What to work on → Write out the lines below exactly, beginning at the one with "当該商品は玩具安全基準をクリ" and stopping after the one with "Pellegrino 认为所"; the pictures are not copied.
START Records for processing
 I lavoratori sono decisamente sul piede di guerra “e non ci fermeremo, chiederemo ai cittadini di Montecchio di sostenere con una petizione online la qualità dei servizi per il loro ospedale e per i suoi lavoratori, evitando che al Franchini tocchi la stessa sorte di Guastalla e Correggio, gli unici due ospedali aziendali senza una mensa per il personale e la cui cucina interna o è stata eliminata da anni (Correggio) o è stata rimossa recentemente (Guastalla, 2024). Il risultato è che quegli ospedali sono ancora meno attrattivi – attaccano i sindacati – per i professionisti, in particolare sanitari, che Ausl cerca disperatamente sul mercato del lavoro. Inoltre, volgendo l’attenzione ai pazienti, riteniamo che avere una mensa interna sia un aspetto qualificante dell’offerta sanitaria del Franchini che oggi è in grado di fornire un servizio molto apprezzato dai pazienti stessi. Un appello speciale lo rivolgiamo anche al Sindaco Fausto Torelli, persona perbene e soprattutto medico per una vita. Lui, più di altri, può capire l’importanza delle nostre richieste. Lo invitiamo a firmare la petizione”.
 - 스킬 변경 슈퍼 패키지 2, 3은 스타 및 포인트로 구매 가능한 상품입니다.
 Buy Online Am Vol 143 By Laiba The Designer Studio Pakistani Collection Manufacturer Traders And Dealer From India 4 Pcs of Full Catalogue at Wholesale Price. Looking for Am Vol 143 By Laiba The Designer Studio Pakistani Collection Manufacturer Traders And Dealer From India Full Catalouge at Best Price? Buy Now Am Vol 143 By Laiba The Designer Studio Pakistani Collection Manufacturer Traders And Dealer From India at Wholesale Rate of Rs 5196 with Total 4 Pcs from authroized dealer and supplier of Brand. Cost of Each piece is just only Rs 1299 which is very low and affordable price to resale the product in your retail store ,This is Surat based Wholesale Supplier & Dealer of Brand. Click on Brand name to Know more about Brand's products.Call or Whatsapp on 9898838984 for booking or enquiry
END Records for processing
START Records for processing
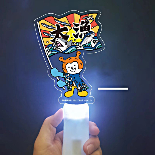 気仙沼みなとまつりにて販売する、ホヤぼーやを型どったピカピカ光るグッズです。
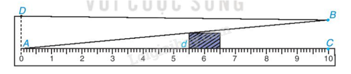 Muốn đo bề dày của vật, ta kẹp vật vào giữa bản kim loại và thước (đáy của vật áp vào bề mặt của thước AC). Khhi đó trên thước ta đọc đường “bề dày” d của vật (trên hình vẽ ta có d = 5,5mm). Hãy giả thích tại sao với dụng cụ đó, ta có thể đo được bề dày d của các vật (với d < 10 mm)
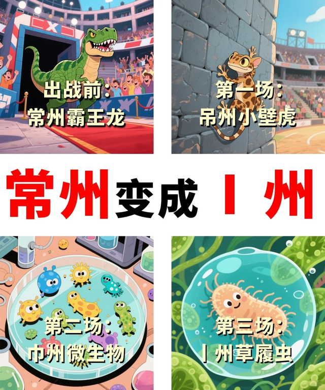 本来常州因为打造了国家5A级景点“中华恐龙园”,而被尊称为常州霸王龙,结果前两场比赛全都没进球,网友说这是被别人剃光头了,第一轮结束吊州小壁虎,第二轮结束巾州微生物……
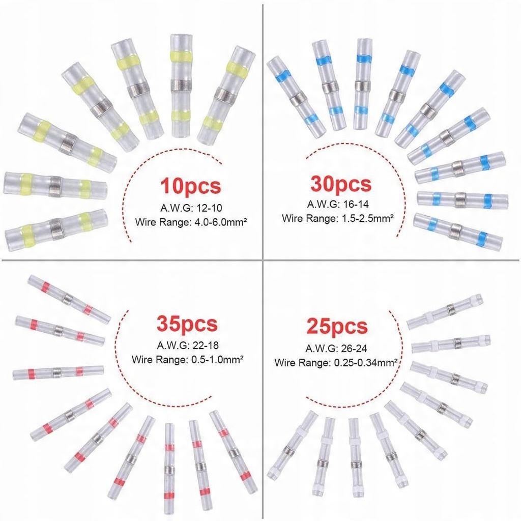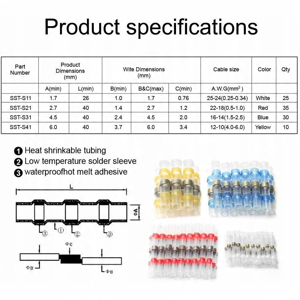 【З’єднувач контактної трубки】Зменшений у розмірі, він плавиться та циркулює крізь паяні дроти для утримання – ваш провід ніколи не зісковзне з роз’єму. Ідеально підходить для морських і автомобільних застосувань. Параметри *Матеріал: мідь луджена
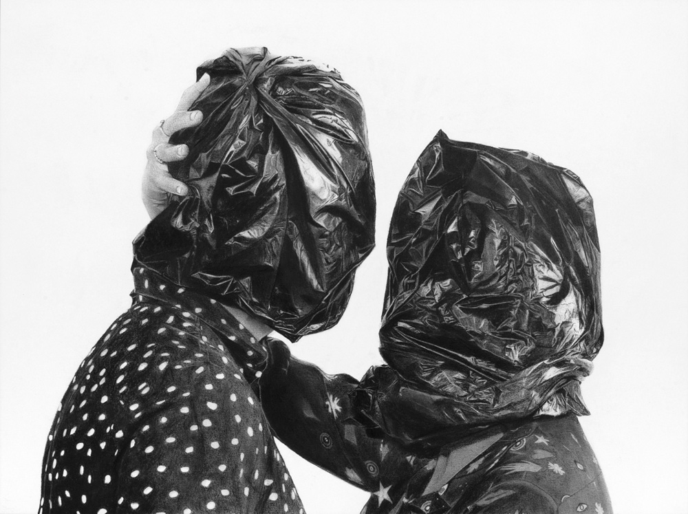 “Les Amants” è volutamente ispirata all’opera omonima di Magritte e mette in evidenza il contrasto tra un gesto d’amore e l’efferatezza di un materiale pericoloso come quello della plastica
END Records for processing
START Records for processing
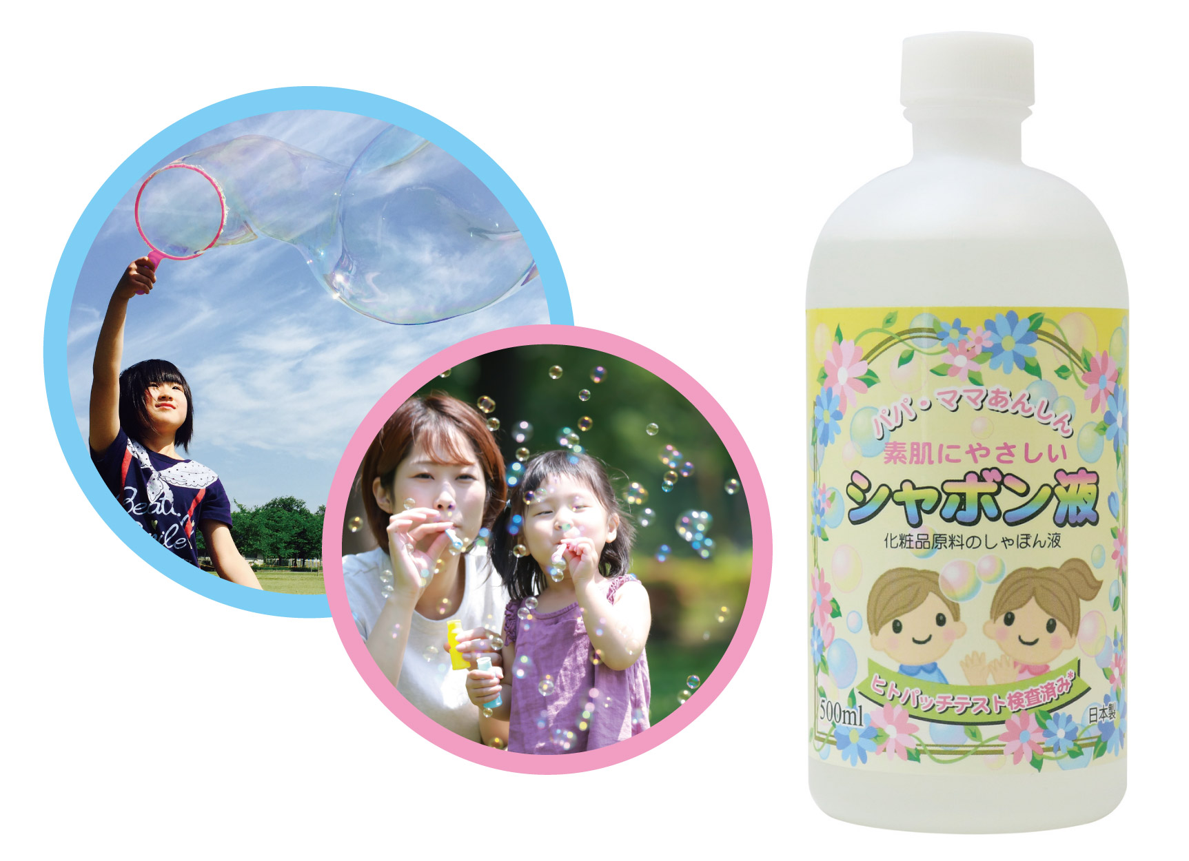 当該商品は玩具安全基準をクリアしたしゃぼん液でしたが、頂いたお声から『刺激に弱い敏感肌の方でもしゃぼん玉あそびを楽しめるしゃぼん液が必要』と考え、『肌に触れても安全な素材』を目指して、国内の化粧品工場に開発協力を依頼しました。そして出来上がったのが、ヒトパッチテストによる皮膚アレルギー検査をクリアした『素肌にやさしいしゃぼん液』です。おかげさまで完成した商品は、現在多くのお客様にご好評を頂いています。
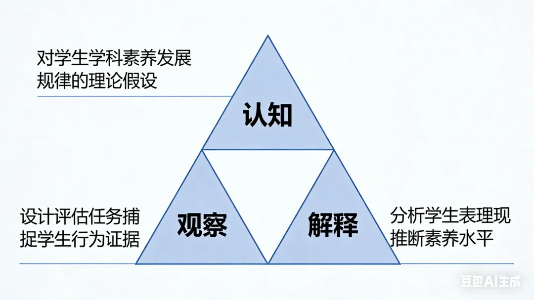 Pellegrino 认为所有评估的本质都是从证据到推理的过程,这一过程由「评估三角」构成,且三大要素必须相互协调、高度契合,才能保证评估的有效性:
END Records for processing
Result of this exercise →
 当該商品は玩具安全基準をクリアしたしゃぼん液でしたが、頂いたお声から『刺激に弱い敏感肌の方でもしゃぼん玉あそびを楽しめるしゃぼん液が必要』と考え、『肌に触れても安全な素材』を目指して、国内の化粧品工場に開発協力を依頼しました。そして出来上がったのが、ヒトパッチテストによる皮膚アレルギー検査をクリアした『素肌にやさしいしゃぼん液』です。おかげさまで完成した商品は、現在多くのお客様にご好評を頂いています。
 Pellegrino 认为所有评估的本质都是从证据到推理的过程,这一过程由「评估三角」构成,且三大要素必须相互协调、高度契合,才能保证评估的有效性:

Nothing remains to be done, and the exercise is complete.